BloombergRoubini Says Earthquake Is ‘Worst Thing’ at ‘Worst Time’ for Japan Economy

By Jennifer Ryan and Maryam Nemazee

Nouriel Roubini, the economist who predicted the global financial crisis, said the earthquake in Japan comes at the “worst time” as the country struggles to lower its budget deficit.

“This is certainly the worst thing that can happen in Japan at the worst time,” Roubini told Maryam Nemazee on Bloomberg Television’s “Countdown” in London today. “There will be fiscal stimulus to reconstruct but Japan already has a budget deficit of close to 10 percent of” gross domestic product and an aging population.

The Bank of Japan (8301) pledged to ensure financial stability after the magnitude 8.9 earthquake struck off the coast of Sendai, sparking a tsunami. Japanese stocks declined in Tokyo today. The central bank, which keeps its benchmark rate at zero, had last month said the world’s third-largest economy is set to recover from a fourth-quarter contraction.

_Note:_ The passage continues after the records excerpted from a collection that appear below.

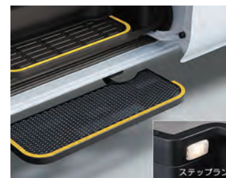
乗り降りしやすいオートステップ

電動リフト付き車両で車いす、ストレッチャーを利用したままで車両に乗降することができます。もちろん付き添いの方も同乗いただけます。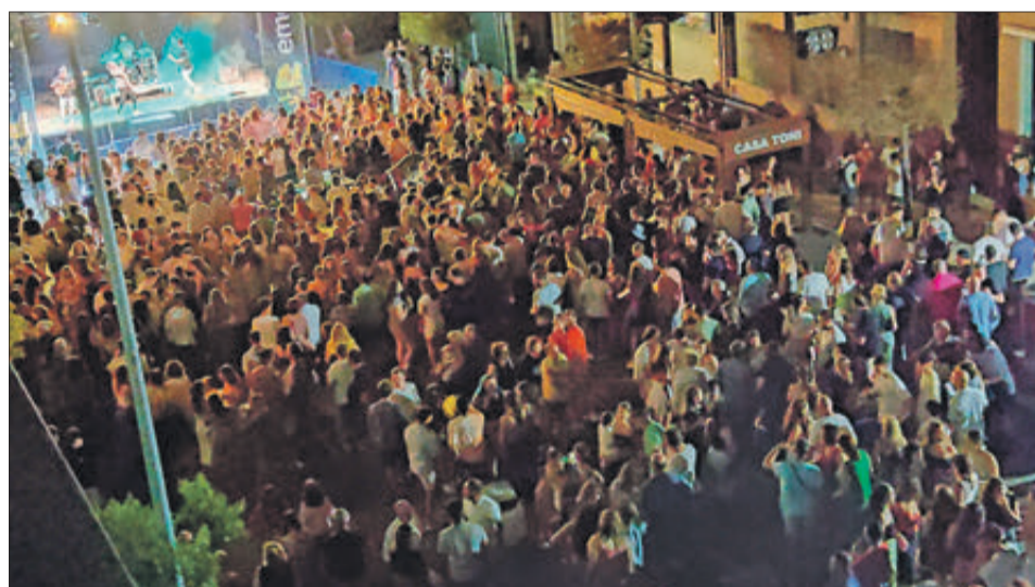
Revetla en l'avinguda del 9 d'Octubre.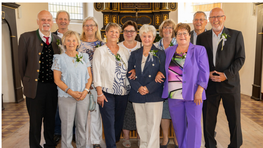
die 50iger: Jahrgang 1975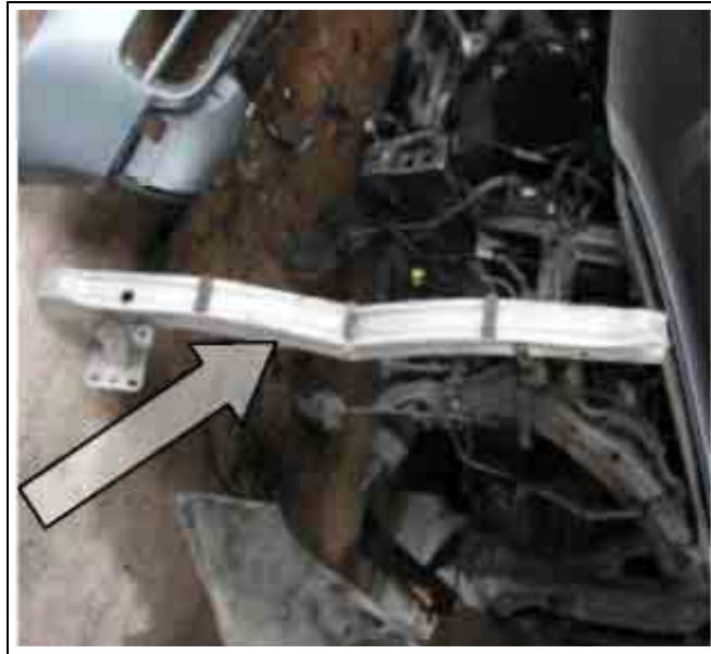
Слика бр. 6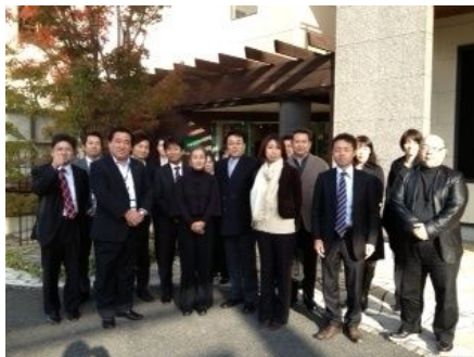
第3回のネストハウス石川社長のお話しの刺激を受け、シェア会メンバーで山口県を訪問。ショールームや展示場、施工現場を見学させていただきました。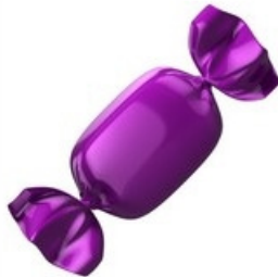
bon nb on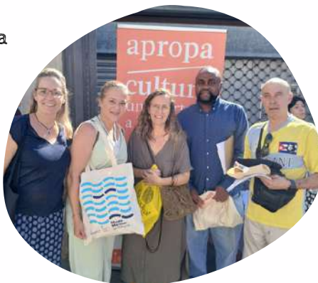
APROPA CULTURA Acto de presentación programación cultural 2025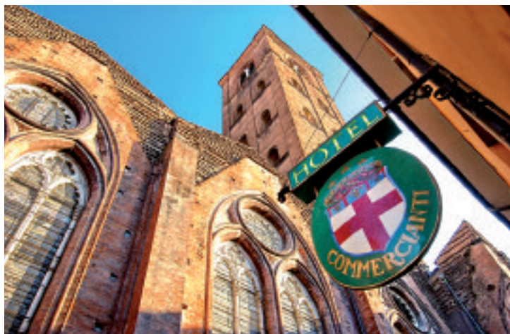
Sopra, due immagini dell'Art Hotel Commercianti. In basso, un salotto dell'Art Studio Commercianti

Varchi la soglia di un Art Hotels e sei nel cuore della Bologna più vera, la Bologna della storia, dell'arte e del buon gusto. Curati in ogni dettaglio, questi quattro gioielli dell'ospitalità – l'Art Hotel Commercianti, l'Art Hotel Novecento, l'Art Hotel Orologio e De Luxe Apartments Corte e Palazzo – offrono un'esclusiva experience a cinque sensi nel centro storico della città, a un passo dai monumenti, dai musei, ma anche dalle vie dello shopping e dai ristoranti più tipici e rinomati. A connotare gli Art Hotels sono i particolari unici, la passione per la qualità e la bellezza. In particolare, le Suite de luxe, fiore all'occhiello del lifestyle brand, sono un vero e proprio museo privato con affreschi e soffitti lignei del XVI, ma anche statue e quadri contemporanei provenienti da importanti gallerie cittadine.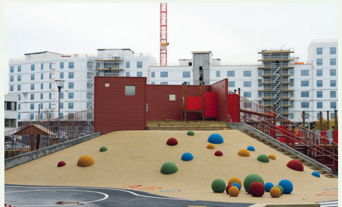
Prosjektet inneholder også en barnehage.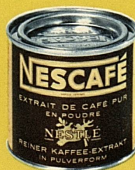
Braune Etikette: Normal

Aus Zentralamerika (Mexiko, Guatemala, Salvador) und aus Südamerika (Kolumbien, Venezuela, Brasilien, über den Hafen Santos) stammen die Kaffeesorten, welche für die Herstellung von Nescafé ausgewählt wurden. Sie verleihen dem Nescafé seinen vollkommenen Geschmack mit dem reichen, unverfälschten Aroma des Bohnenkaffees.

“In the short term, when you have a shock like this” it tends to produce “a weakening of economic activity,” Roubini said. “You have a slowdown in output in the same quarter but over time, if there is a massive amount of fiscal stimulus, there could be an economic recovery over the near term.”

Japan’s economy shrank more than the government initially estimated in the fourth quarter following a slump in consumer spending and capital investment, data showed yesterday. Moody’s Investors Service lowered its outlook on Japan’s Aa2 debt rating last month on concern about the government’s ability to tackle the world’s biggest public-debt burden.

Japan’s Ministry of Finance said it’s too soon to gauge the economic impact of the earthquake that caused damage across the country’s east coast. Roubini said that “it looks like a very serious earthquake.” The MSCI Asia Pacific Index dropped as much as 1.8 percent today.

“Certainly it is a negative for their stock market given that it is a destruction of wealth,” said Roubini, who is also co-founder of Roubini Global Economics LLC. “Also the effects on confidence are going to be significant.”